If we run the above code, we should see the generated machine code. Here is what I see on a macOS machine:

1 Memory content: 18/4096 bytes used
2 0x55 0x48 0x89 0xe5 0x48 0xb8 0x60 0x9f 0xf4 0xd 0x1 0x0 0x0 0x0 0xff 0xd0 0x5d
3 0xc3

At this point, all we have to do is to cast the address of our generated code to a function pointer and call the function.

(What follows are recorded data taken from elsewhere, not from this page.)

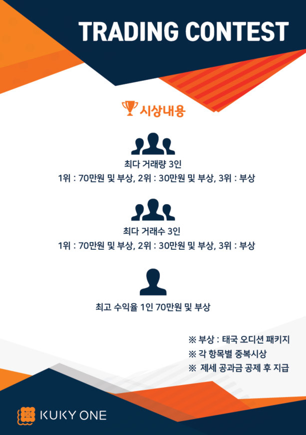 콘테스트 기간 내 최다 거래량 3명, 최다 거래수 3명, 최고 수익율 1명 등 총 7명을 선정하여 3월 23일에 시상하며, 시상자에게는 100만원 상당의 태국 여행권과 현금 등을 부상으로 제공된다.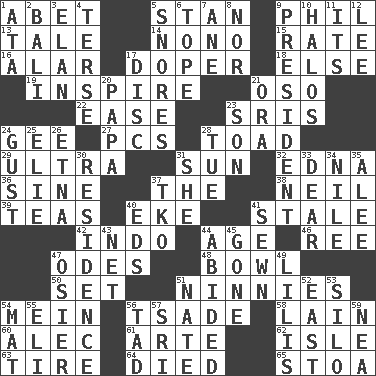 ACROSS 1. Collude with 5. Comedian Laurel of Laurel & Hardy 9. Silvers or Donahue 13. Lie 14. Words to Nanette 15. Assign a rank or rating to 16. Having or resembling wings 17. Drug addict 18. Otherwise 19. Stimulate to action 21. Bear (Spanish) 22. Comfort 23. Indian titles of respect 24. Unit of force equal to gravity 27. Personal Computers (abbr.) 28. Frog relative 29. Extreme 31. Player for Phoenix 32. Pulitzer Prize-winning author Ferber 36. Trig term 37. Definite Article 38. Famous astronaut Armstrong 39. Afternoon social gatherings 40. Supplement with great effort 41. Lacking originality or spontaneity 42. Southeast Asian peninsula 44. Personal question 46. To sift 47. Lyric poems 48. Soup holder 50. Put into a specified state 51. Fools 54. Chow _ 56. Sadhe (variant) 58. (Had) reclined 60. Actor Baldwin 61. Johnson of "Laugh-In" 62. Small island 63. Hoop that covers a wheel 64. Passed on 65. Portico DOWN 1. _ moment's notice (2 wds.) 2. Indonesian resort city 3. Liveliness 4. Laconic 5. Sounds asleep 6. Drink excessively 7. A saturated hydrocarbon 8. And not 9. Elected leader of a country 10. Radiant circles of light 11. It is 12. Area sheltered from the wind 17. Flat circle 20. Dad 21. Mouth or opening 23. Boy, to dad 24. Abrupt rush of wind 25. Writer Wiesel 26. Inactive volcano in Sicily 28. Third day of the wk. 30. Dwelling 31. A female animal or person 33. Letter starter 34. The longest river in the world 35. Toward shelter 37. Ring climax 40. Begley and Asner 41. Stitched 43. Remaining after all deductions 44. Tolerated 45. Went 47. Flexible twig of a willow tree 49. Ms. Damita and namesakes 51. Nathan's nickname 52. Compass direction 53. Grain storage tower 54. Floor protector 55. Biblical high priest 56. Bit 57. Indian title of respect (Mr.) 59. Teachers' org.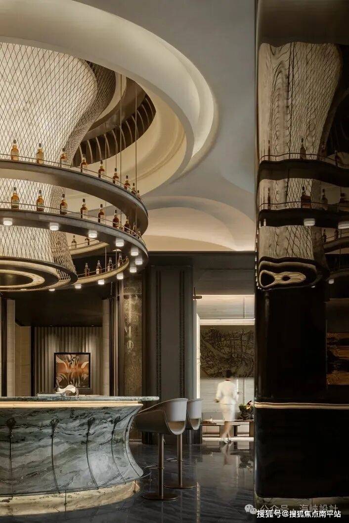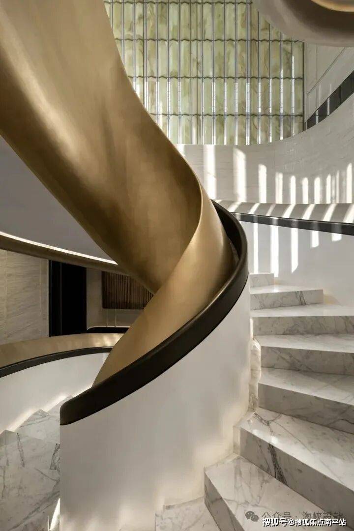 貫穿各層的藝術樓梯,以其流暢的曲線設計展現出韻律之美。金屬漆扶手閃爍著低調的光芒,與水墨奢石地面相映成趣,營造出一種靜謐的奢華感。曲面的樓梯宛如一件藝術品,它象征著空間的流動與時間的延展,為賓客提供了豐富的藝術體驗和獨特的視覺享受。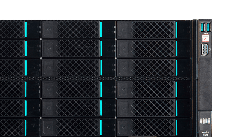 KunTai R524 存储型服务器是盛力国际数码基于鲲鹏处理器推出的新一代 ARM数据中心服务器。。。主要面向存储业务,,,具有海量存储、、高性能、、低功耗以及易扩展的特点,,适合为大数据分析、、软件定义存 储等应用场景的工作负载进行髙效加速。。

We’ll also show the side effects of calling test() on the global variable a:

 1 // ...
 2 
 3 int main() {
 4     // ...
 5 
 6     std::cout << "Global data initial values:\n";
 7     std::cout << a[0] << "\t" << a[1] << "\t" << a[2] << "\n";
 8 
 9     // Cast the address of our generated code to a function pointer and call the function
10     void (*func)() = reinterpret_cast<void (*)()>(mp.mem);
11     func();
12 
13     std::cout << "Global data after test() was called from the generated code:\n";
14     std::cout << a[0] << "\t" << a[1] << "\t" << a[2] << "\n";
15 }

This is what I see on a macOS machine:

 1 $ clang++ -std=c++14 -stdlib=libc++ -Wall -pedantic funcall.cpp -o funcall
 2 $ ./funcall
 3 
 4 Memory content: 18/4096 bytes used
 5 0x55 0x48 0x89 0xe5 0x48 0xb8 0x40 0x9f 0x52 0x3 0x1 0x0 0x0 0x0 0xff 0xd0 0x5d
 6 0xc3
 7 
 8 Global data initial values:
 9 1	2	3
10 Ohhh, boy ...
11 Global data after test() was called from the generated code:
12 -4	-3	-2
13 $

If you run the code on your machine, you should get identical results, except for the machine code part that stores the address of the C++ function.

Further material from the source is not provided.